Os dois gemeram que nem uns bichos quando a pica entrou na buceta de uma vez. Foi o momento de prazer mais forte da vida dos dois. Mas ambos se assustaram ao mesmo tempo. Tinha sido um acidente.
- Fo.. foi.. foi sem querer Agus.. eu… já vou tirar, me desculpa!!!!
Martín se assustou, não conseguia juntar as palavras, ao mesmo tempo que sentia um prazer imenso… tava perdendo a virgindade com a própria irmã!
Agustina não sabia como reagir, levou o susto da vida quando sentiu o pau bem grosso do irmão penetrar a xotinha dela, abrindo tudo, e agora tava lá dentro… se segurava firme na árvore apoiando as mãos, porque tava mais tarada do que nunca na vida… mas por outro lado, tava assustada e apavorada!!
O moleque sentia a pica toda quentinha lá dentro, apertadinha, e toda molhadinha e macia dentro da buceta… não conseguia evitar querer continuar…
Pensava que a irmã ia ficar puta da vida, e quis tirar o mais rápido possível da buceta, e tentar consertar o erro de algum jeito.
Se mexeu devagar pra trás um pouquinho, com esse movimento, a pica deslizou saindo um pouco da buceta, mas foi tanto o prazer desse movimento, dessa pica dura e ereta saindo, em contato com as paredes vaginais, que os dois gemeram gostoso de novo.
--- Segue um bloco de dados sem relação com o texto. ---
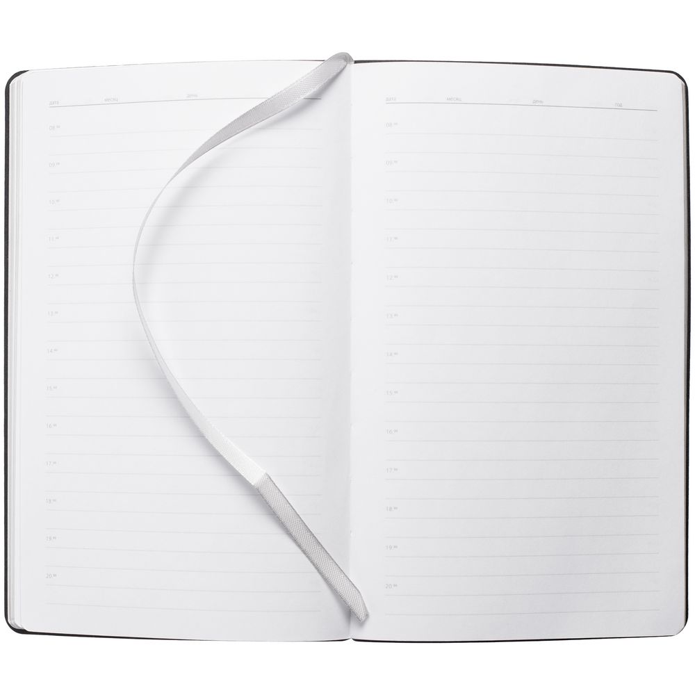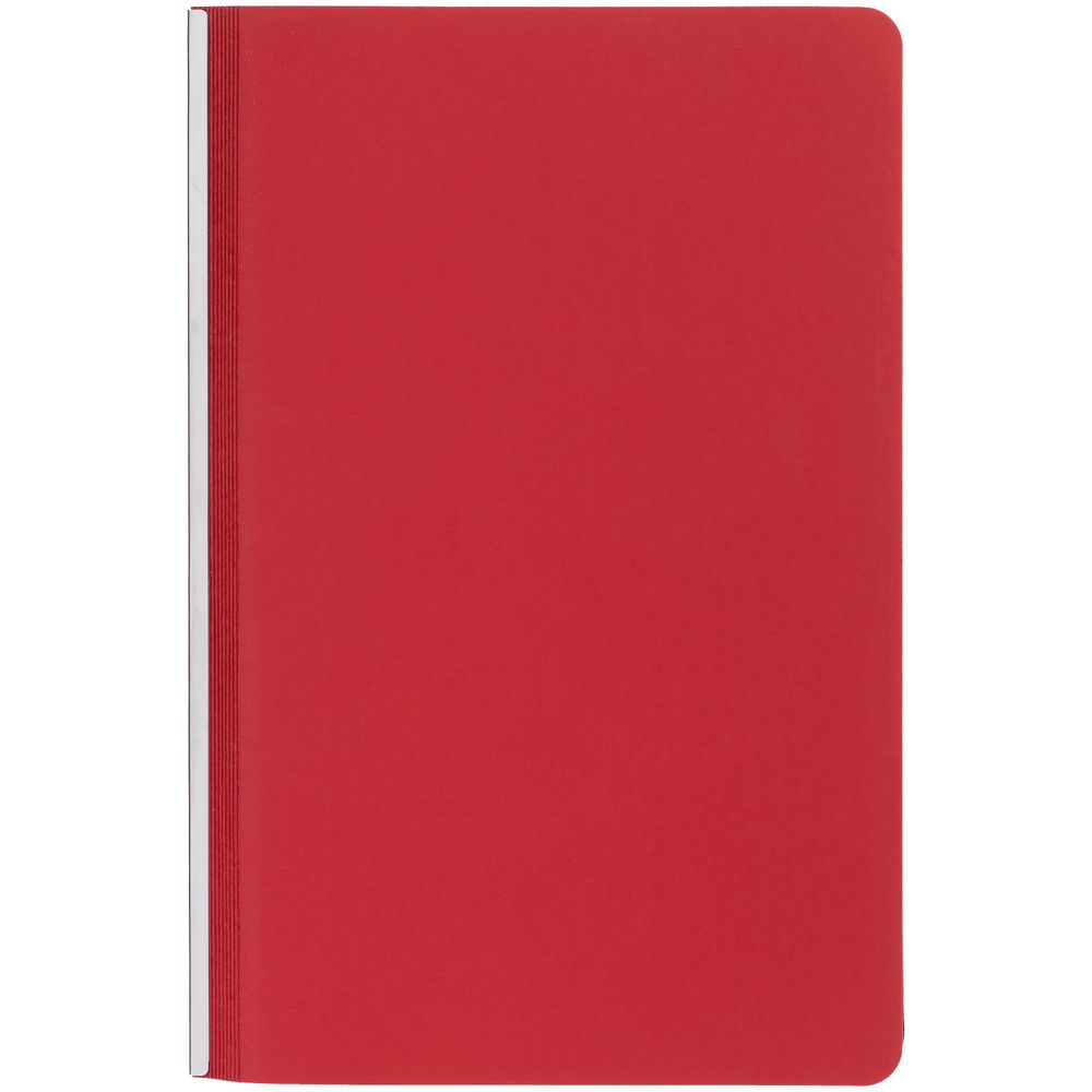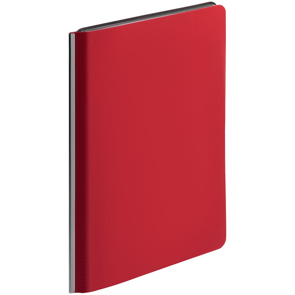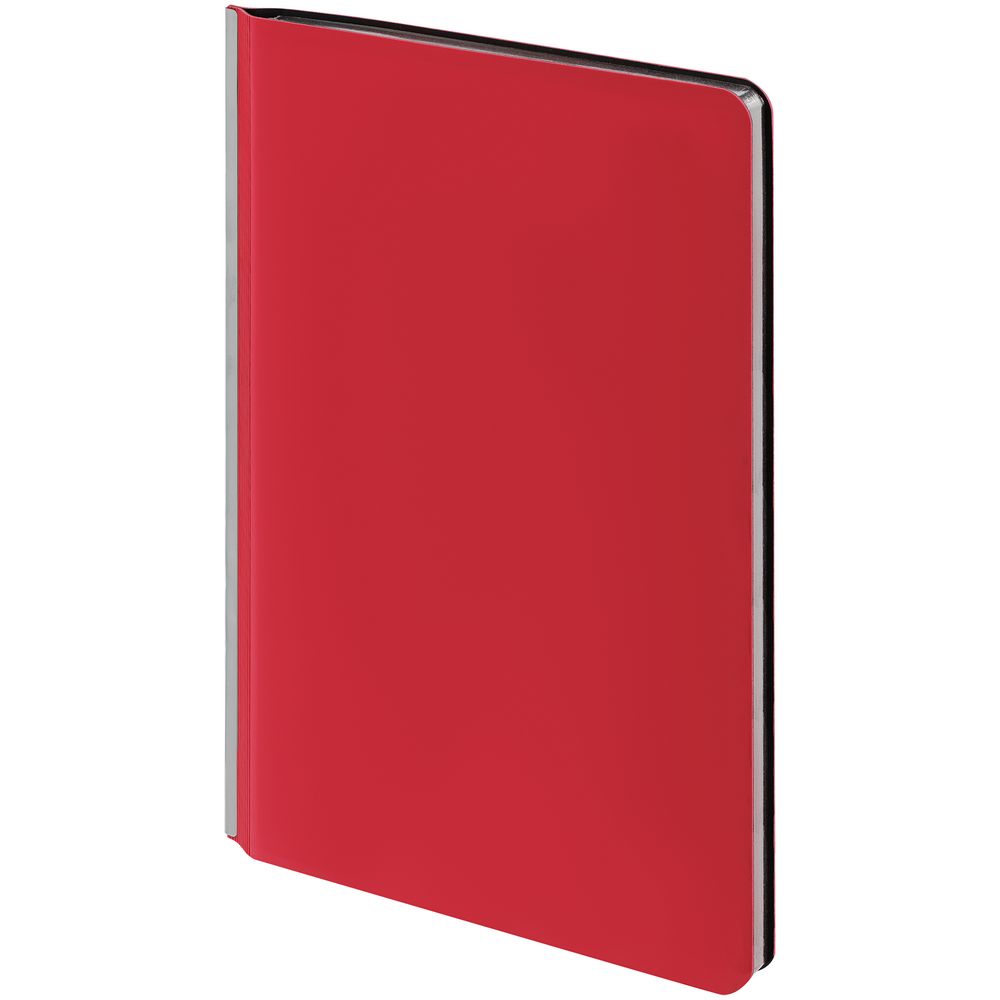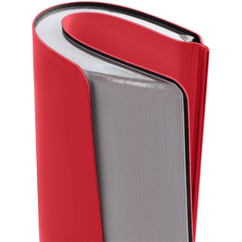 Ежедневник с гибкой обложкой и металлическим корешком, выполнен из материала Soft Touch Ultra, красный РР, дополнен серебристым обрезом блока и ляссе.

Não tirou ela toda, agora ficou só a glande enfiada lá dentro. Martín, percebendo o quanto era gostoso transar, não resistiu, e mesmo com medo do que a irmã poderia dizer, empurrou pra frente e enfiou de novo, mas dessa vez mais fundo, quase até o talo…
— OOOHHHHHH….. ayyy seu idiota… — gemeu Agustina, mordendo os lábios.
— Ahhhhhhhhhhhh!!!! — Martín.
As pernas do garoto bateram nas pernas e na bunda da irmã… ele tinha enfiado tudo. Ninguém dizia nada por um momento, só gemiam…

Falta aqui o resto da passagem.